Human Activity and Posture Classification Using Wearable Accelerometer
Document Type
Conference Proceeding
Publication Date
11-2018
Abstract
This paper presents an analysis of several machine learning classification models and their effectiveness in classifying human activity and posture using data gathered from wearable accelerometers. This analysis was done with a publicly available dataset comprising 1656,633 samples organized into five activity classes, provided by researchers at the Pontifical Catholic University of Rio De Janeiro. In particular, this study focuses on the efficacy of Logistic Regression Classification, Stochastic Gradient Descent Classification, Random Forest Classification, Support Vector Machines and Artificial Neural Networks.
DOI
10.1109/UEMCON.2018.8796831
Recommended Citation
Wunderlich, K. & Abdelfattah, E. (2018).
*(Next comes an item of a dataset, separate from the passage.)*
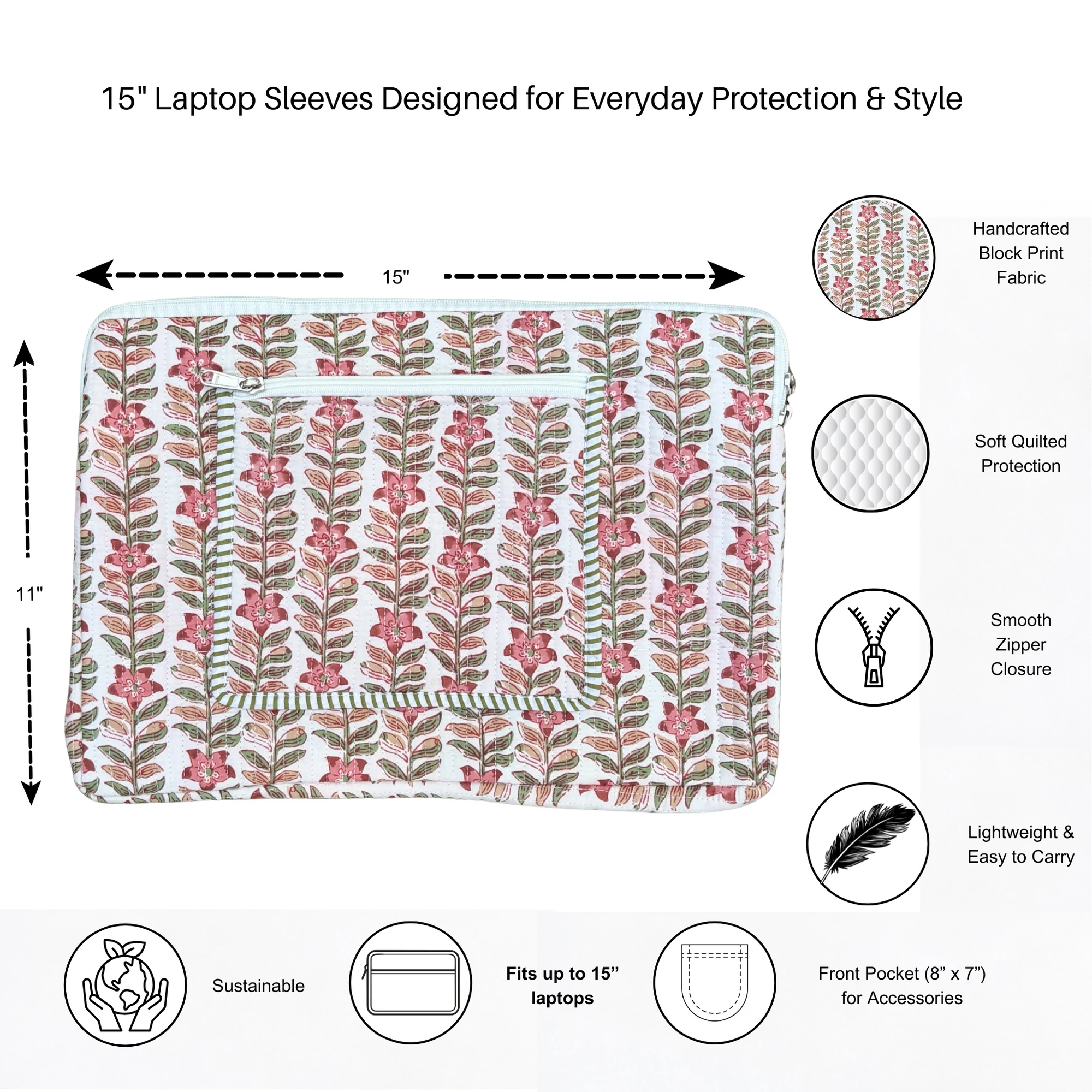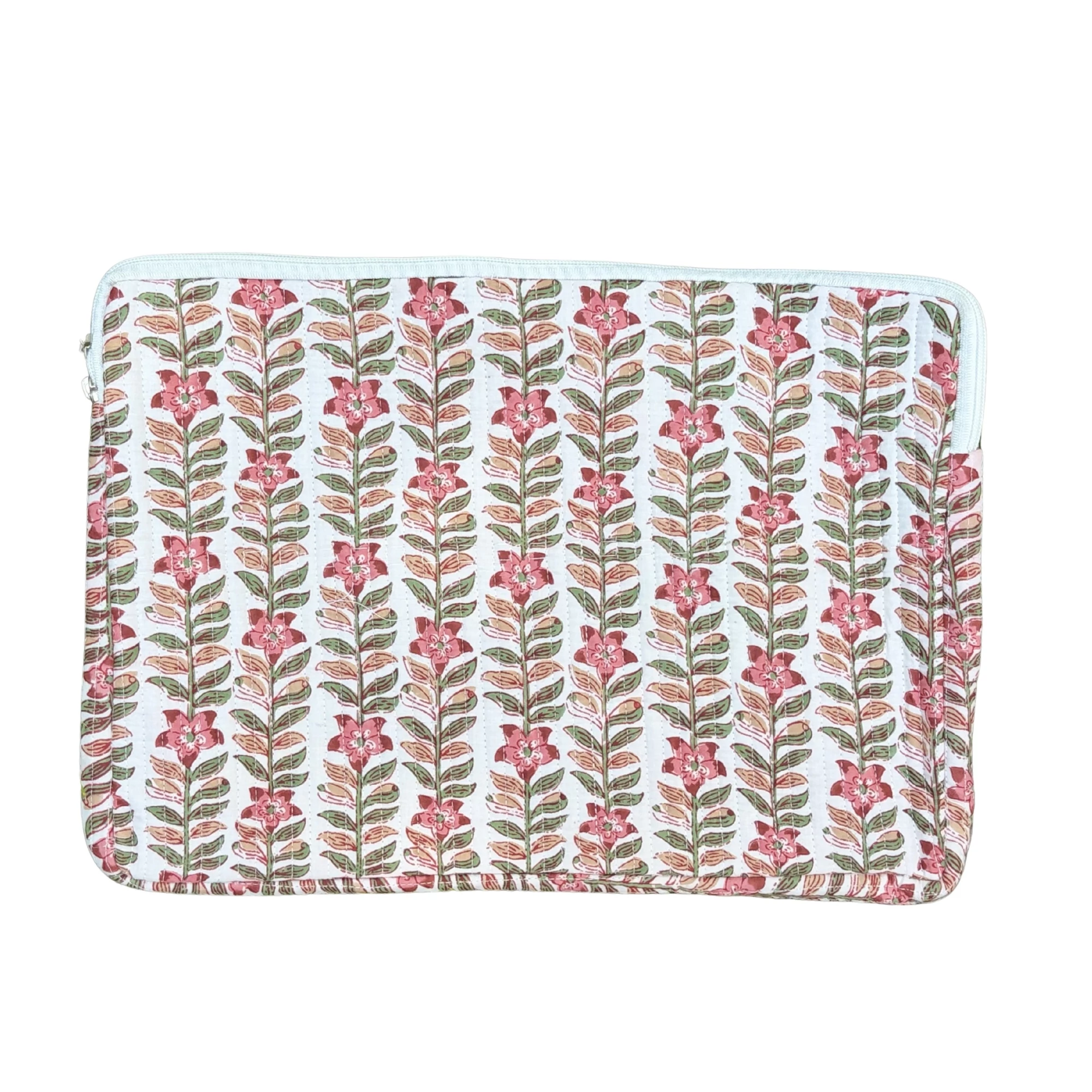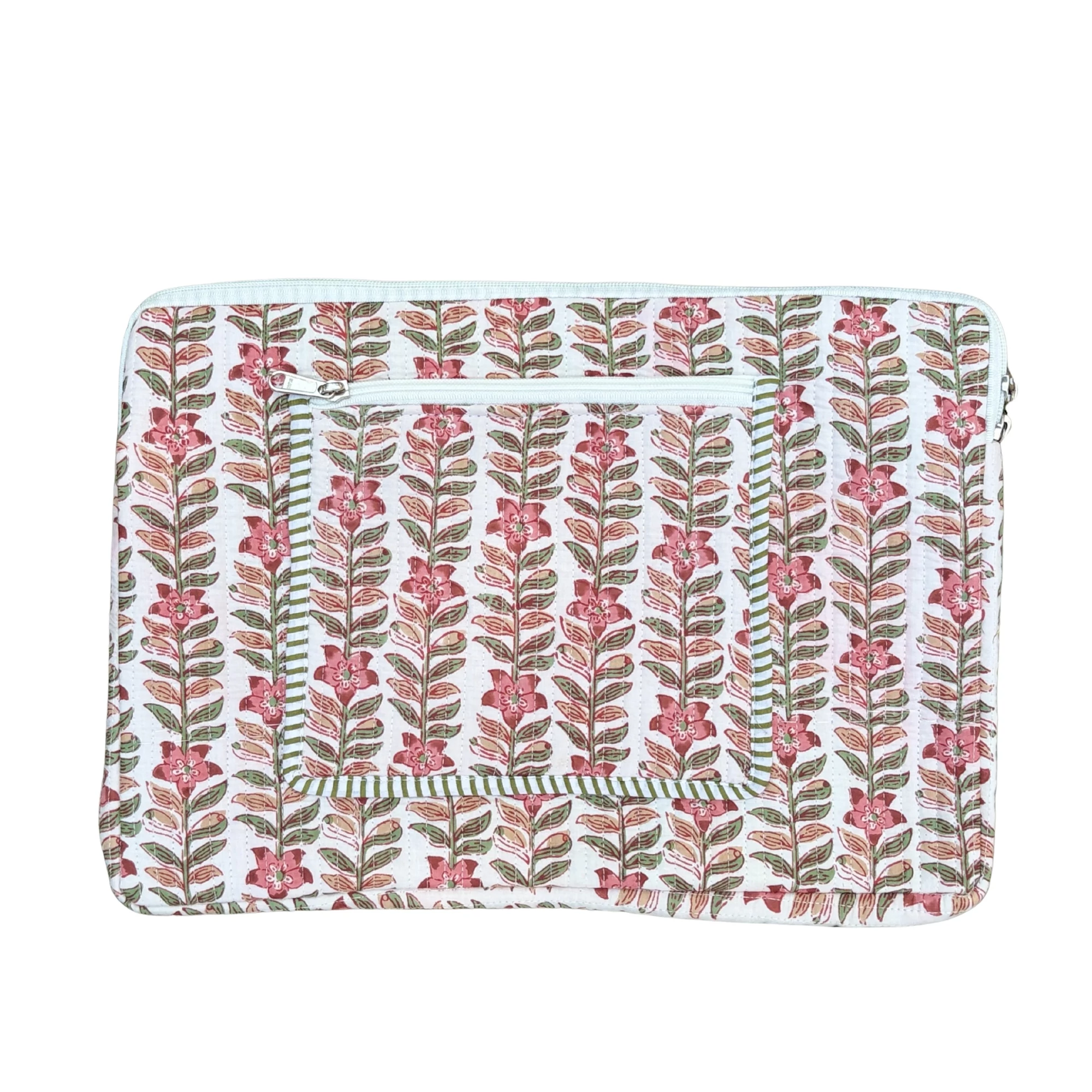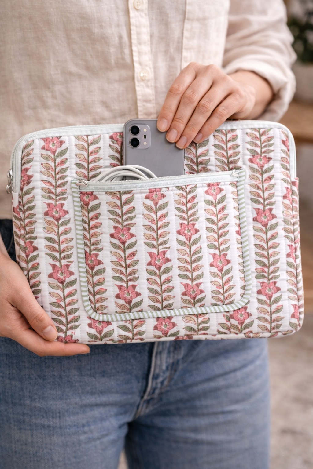Protect your device in style with this Block Print Quilted Cotton Laptop Sleeve with Front Pocket. Crafted from soft quilted cotton and adorned with traditional block print patterns, this sleeve combines heritage craftsmanship with everyday practicality.

Human activity and posture classification using wearable accelerometer data. 9th IEEE Annual Ubiquitous Computing, Electronics & Mobile Communication Conference (UEMCON), pp. 77-81, doi: 10.1109/UEMCON.2018.8796831.
Comments
2018, 9th IEEE Annual Ubiquitous Computing, Electronics & Mobile Communication Conference (UEMCON), New York.
At the time of publication Kevin Wunderlich was a graduate student in the School of Computer Science and Engineering at Sacred Heart University.